Cuando amaneció, Pepe seguía en la cama. Era el Día de Todos los Santos, y por primera vez desde la muerte de su esposa, no tenía preparado un ramo de flores para colocar junto a la urna de mármol blanca que descansaba sobre la mesita de su habitación.
Había pasado la noche dando vueltas sobre el colchón, con el frío calándole los huesos, pero sin ganas de encender la estufa. ¿Para qué? ¿Para quién?
Entonces, escuchó algo inesperado: un canto.
Al principio fue torpe, inseguro. Pero poco a poco, la melodía se hizo más clara: «Vivir sin aire».
Nota del escritor: Recomiendo dar al "play" del vídeo para seguir leyendo mientras suena la melodía.

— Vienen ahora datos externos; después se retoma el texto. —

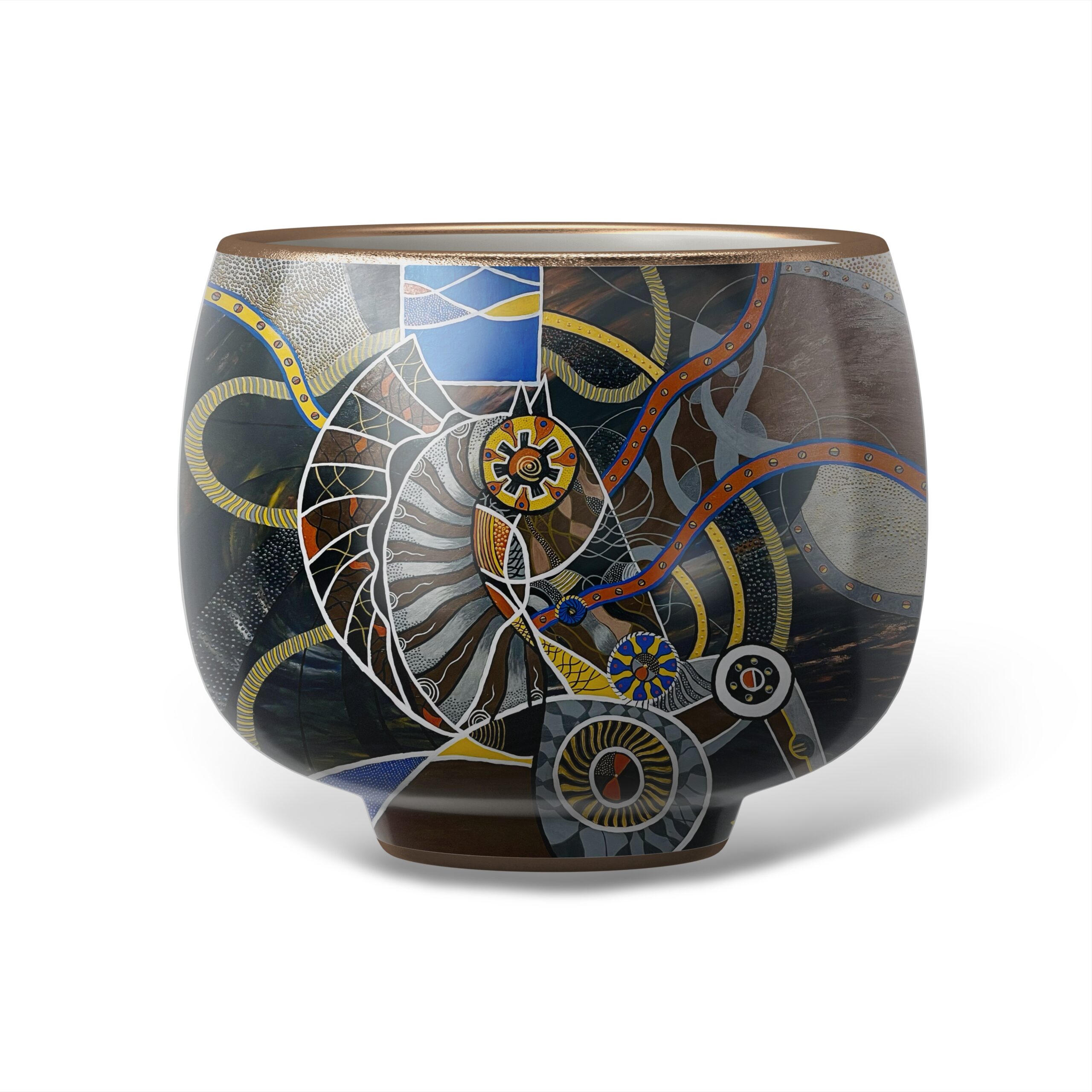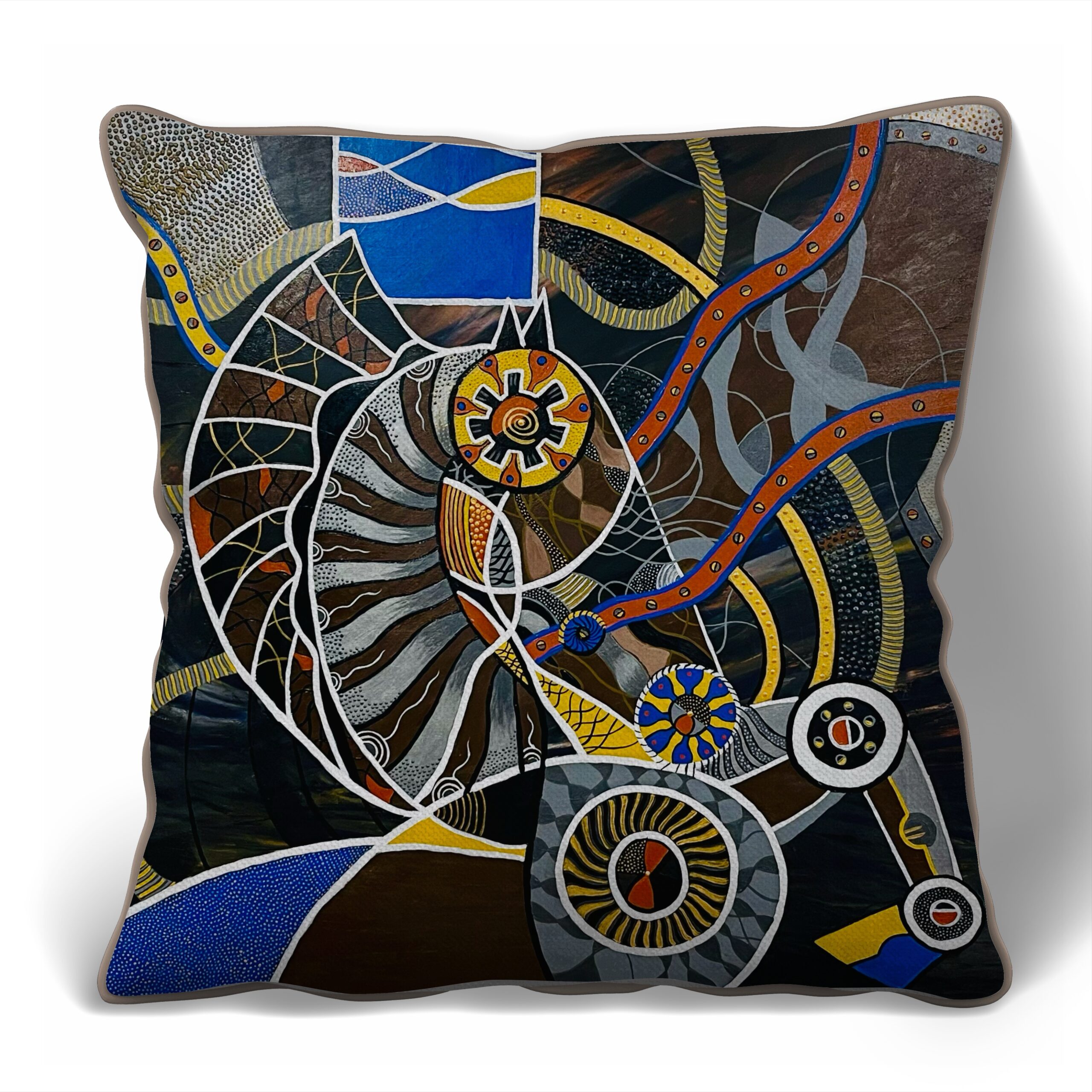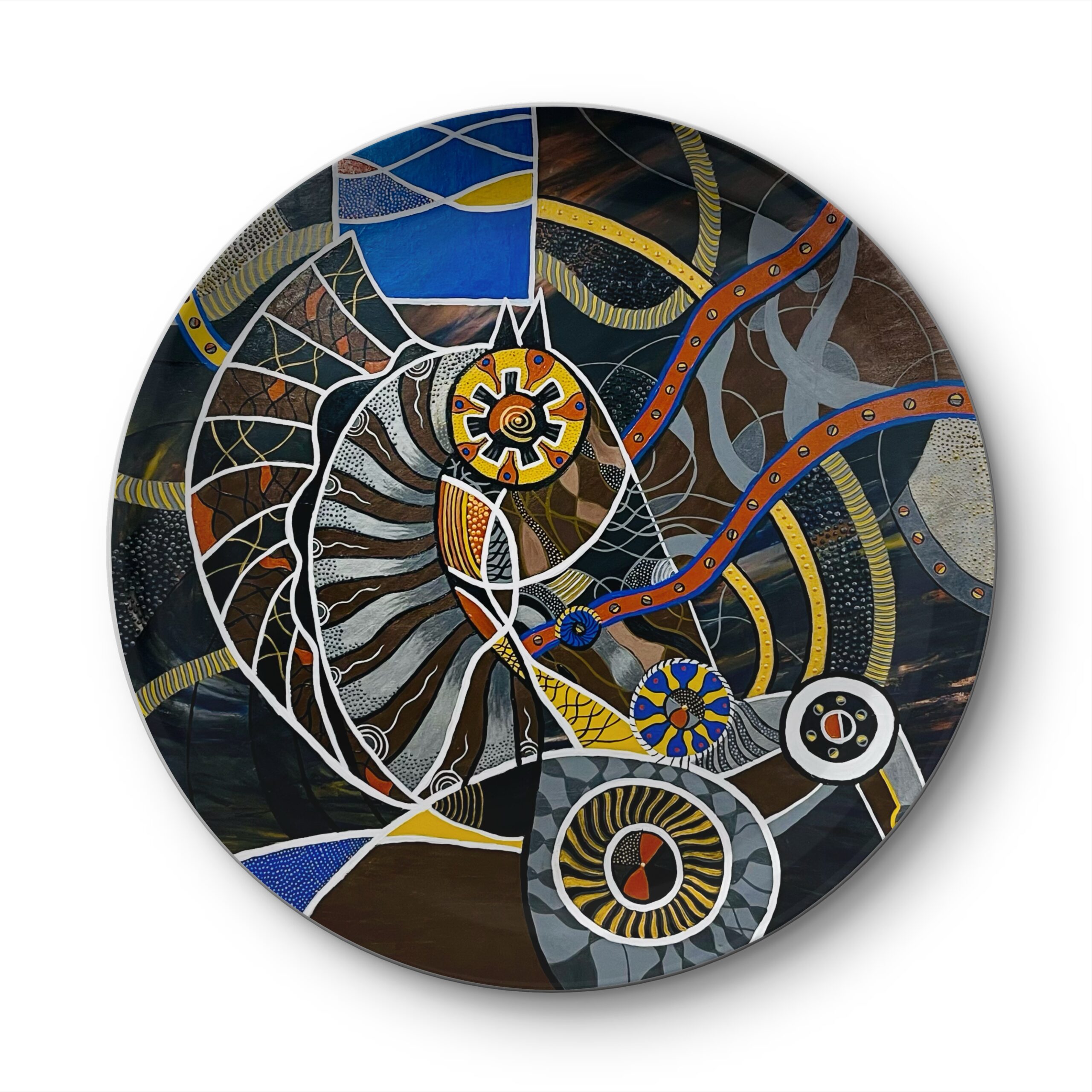 Troya 2 — peinture abstraite et foisonnante où une spirale centrale évoquant turbine ou coquille s’articule avec engrenages, tuyaux et motifs organiques; la segmentation par lignes blanches et le travail de points et de traits créent une tension rythmique entre mécanique et vivant, tandis qu’une palette de bleus, jaunes et ocres confère profondeur et dynamisme. Œuvre idéale pour interroger la rencontre entre technologie et nature au sein d’une collection contemporaine.

https://youtu.be/FC1GKg1OsGE
Pepe sintió un nudo en la garganta. El aire de la habitación se volvió más pesado, como si los años se comprimieran en ese instante. Agarró las sabanas y se cubrió la cara. Después, cerró los ojos y, de golpe, la vio. Carmen.
Bailando en la cocina con una cuchara de madera en la mano, tarareando la canción mientras él la miraba desde la mesa.
—Vamos, Pepe —le decía entre risas—. Que algún día me vas a dejar de piedra y te vas a poner a cantar conmigo.
Pero él nunca lo hizo. Solo la veía. Solo la escuchaba.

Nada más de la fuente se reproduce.